Kylan Boswell having a big season with Illinois basketball despite shooting struggles

Kylan Boswell is having an outstanding first season for the Illinois basketball program despite shooting a career-low from three-point range.
UCLA v Illinois - Kylan Boswell drives to the hoop against UCLA's Kobe Johnson
UCLA v Illinois - Kylan Boswell drives to the hoop against UCLA's Kobe Johnson | Michael Reaves/GettyImages

If you get news from around the Illinois basketball social media universe, you’d think junior transfer Kylan Boswell was having a terrible season.

While most of the talk centers on Boswell’s poor three-point shooting, he is quietly putting together a great season and is a very important cog in the Illini machine. 

As a sophomore, Boswell started 35 games for the Arizona Wildcats. He, Caleb Love, and Oumar Ballo led their 2023-24 Arizona team to a Pac-12 Championship and a Sweet Sixteen loss. Boswell averaged 9.6 points, 2.3 rebounds, 3.6 assists, and 1.4 steals per game. He also shot 40% from the field and 38% from three-point range. 

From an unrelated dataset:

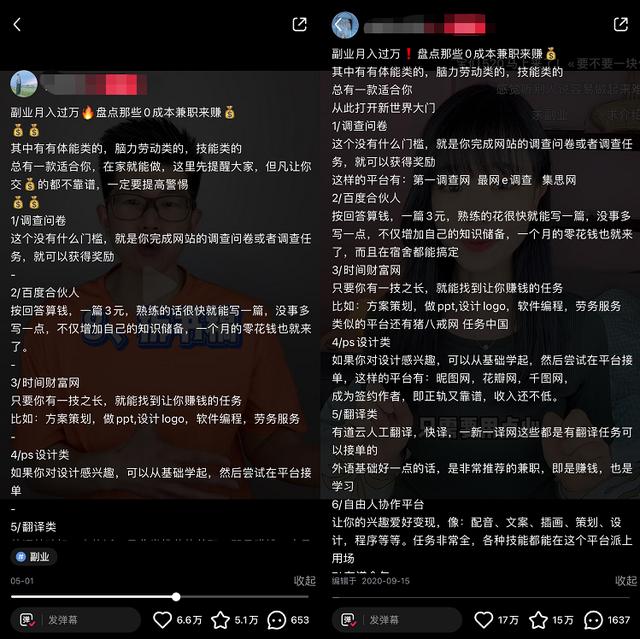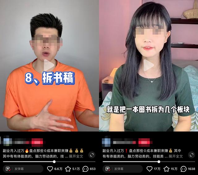 这些副业推荐的视频内容极其雷同,主持人大多嗓门大,鸡血十足,抄袭文案套路。

Kylan Boswell's numbers are up across the board, but his defense has been even better

While Illinois' Big 3 freshmen have made all the noise this season, Boswell is putting up 11.5 points, 5.3 rebounds, 3.4 assists, and 1.3 steals per game. He has already amassed 2.7 win shares including 1.5 defensive win shares. 

The junior Arizona transfer is putting up career highs in minutes, points, rebounds, trips to the free throw line, and free throw percentage while putting up career lows in field goal percentage and three-point percentage. While his field goal percentage has dropped less than one percentage point, his three-point percentage dropped nearly 15. 

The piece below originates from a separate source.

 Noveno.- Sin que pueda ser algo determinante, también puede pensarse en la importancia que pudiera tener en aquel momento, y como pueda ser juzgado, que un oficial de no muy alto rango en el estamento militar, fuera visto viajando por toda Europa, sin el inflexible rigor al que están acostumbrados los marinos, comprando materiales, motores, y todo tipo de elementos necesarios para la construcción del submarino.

All I’ve seen regarding Boswell on social media is how bad of a three-point shooter he has become and all I think about is how many times he gets to the bucket and goes to the free throw line. Something he’s added to his game this year. He is getting to the line 4x as much as he was a season ago. 

It isn’t very often that a shooter completely loses his ability to shoot. It comes and goes. Good shooters will always be good shooters, as long as they keep putting up shots every day. In other words, I’m not worried about Boswell's three-point shooting. He can always find his shot again, it's much harder to teach a shooter to get buckets through contact and get to the line 400% more often than it is to shoot 38% from deep. 

Kylan Boswell could be the floor general for the Illinois basketball team in 2025-26

If Kasparas Jakucionis hadn’t turned out to be the player he is, I think Boswell would likely play floor general for this Illinois team. Even with KJ, the offense often still runs through him. On nights when he’s off on that end of the floor, his defense speaks for itself and will keep him on the floor. Boswell is one of the most consistent players Illinois has on defense.

So, let’s stop complaining and talk about what he excels in. I would love to see Boswell stick around for his senior year and be able to make even more of a mark on the program. If he and one of Illinois’ two dominant bigs stay another year, the Illini defense and pick-and-roll game could be off the charts in the 2025-26 season.